The earliest interest in re-use of the papers came chiefly from social historians seeking new sources for their research on the period of the Second World War in Britain. Since Mass-Observation had begun work in 1937, its coverage of wartime is particularly extensive. Two young scholars who were working in this area were instrumental in alerting BRIGGS to the potential of the papers as an important resource for the period. Paul ADDISON, now professor of History at the University of Edinburgh, first re-discovered the papers in the late 1960s and made substantial use of them in his research on social and party political

developments during World War Two, published as The Road to 1945 (1975). His friend, the now eminent historian Angus CALDER, was one of BRIGGS'

postgraduate students at Sussex in the sixties. He too used the papers. His thesis on the Common Wealth Party introduced him to an interest in wartime Britain and he drew heavily on the collection for his comprehensive study of the Home Front in Britain 1939-45, published as The People's War in 1969. CALDER was the first of many writers to be questioned on his reliance on Mass-

Observation evidence. In a the preface to the second edition of his book, in response to criticisms by Margaret COLE and Henry PELLING, he wrote:

"They [Mass-Observation reports] were indeed produced by inexperienced people in very difficult conditions. But for me they were an indispensable aid to tracing popular views and reactions in all kinds of fields, from aerial bombardment to greyhound racing. ... [they] must indeed be used with caution as I recognised when I was handling them, but their biasses and shortcomings are so evident that it should be easy to allow for them. I stick to my idea that they are probably the richest source of material available to the social historian of the period ..." (CALDER 1971, Preface to the Second [Panther] Edition). [2]

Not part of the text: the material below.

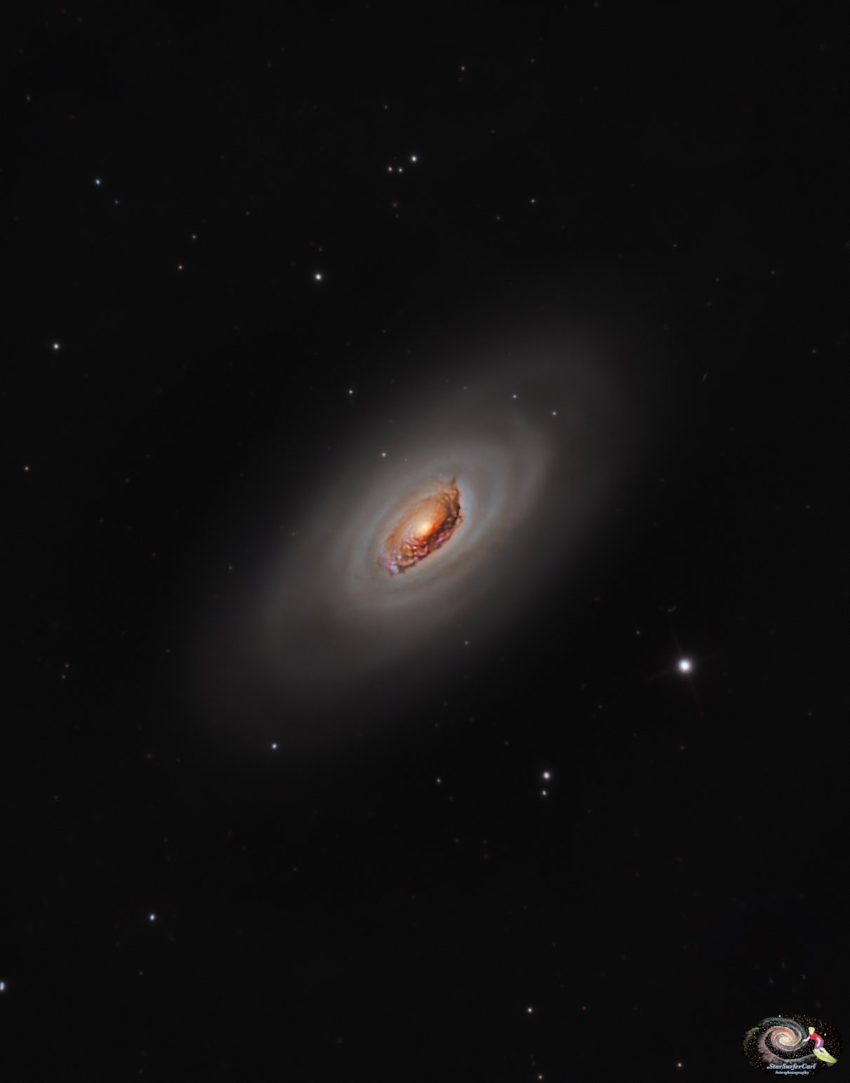 Image Description and Details : The Black Eye Galaxy, or M64, is located 17 million light-years away in the constellation Coma Berenices. Its nucleus is packed with impressive dust lanes laden with rigorous star formation. Charles Messier added this galaxy to his list in 1780, but it had already been discovered by English astronomer Edward Pigott in 1779.

Despite the scepticism which greeted the re-use of M-O, Asa BRIGGS was sufficiently convinced of the papers' value that he was prepared to expend his own resources (including apparently his own office at the outset) to accommodate the collection. He invited its flamboyant owner, Tom HARRISSON, who had been one of the original founders of Mass-Observation, to come to Sussex to set up the collection as a public archive. HARRISSON was made a Visiting Professor and the Archive was established as a charitable trust in the care of the University.

The VC officially opened the Archive in 1975. [3]

3. Subject Coverage of the Mass-Observation Archive

Mass-Observation's origins and history have now been well-documented in a number of publications (STANLEY 1981, STANLEY 1990, JEFFERY 1979/1999, CALDER 1985, SUMMERFIELD 1985, SHERIDAN, STREET & BLOOME 2000).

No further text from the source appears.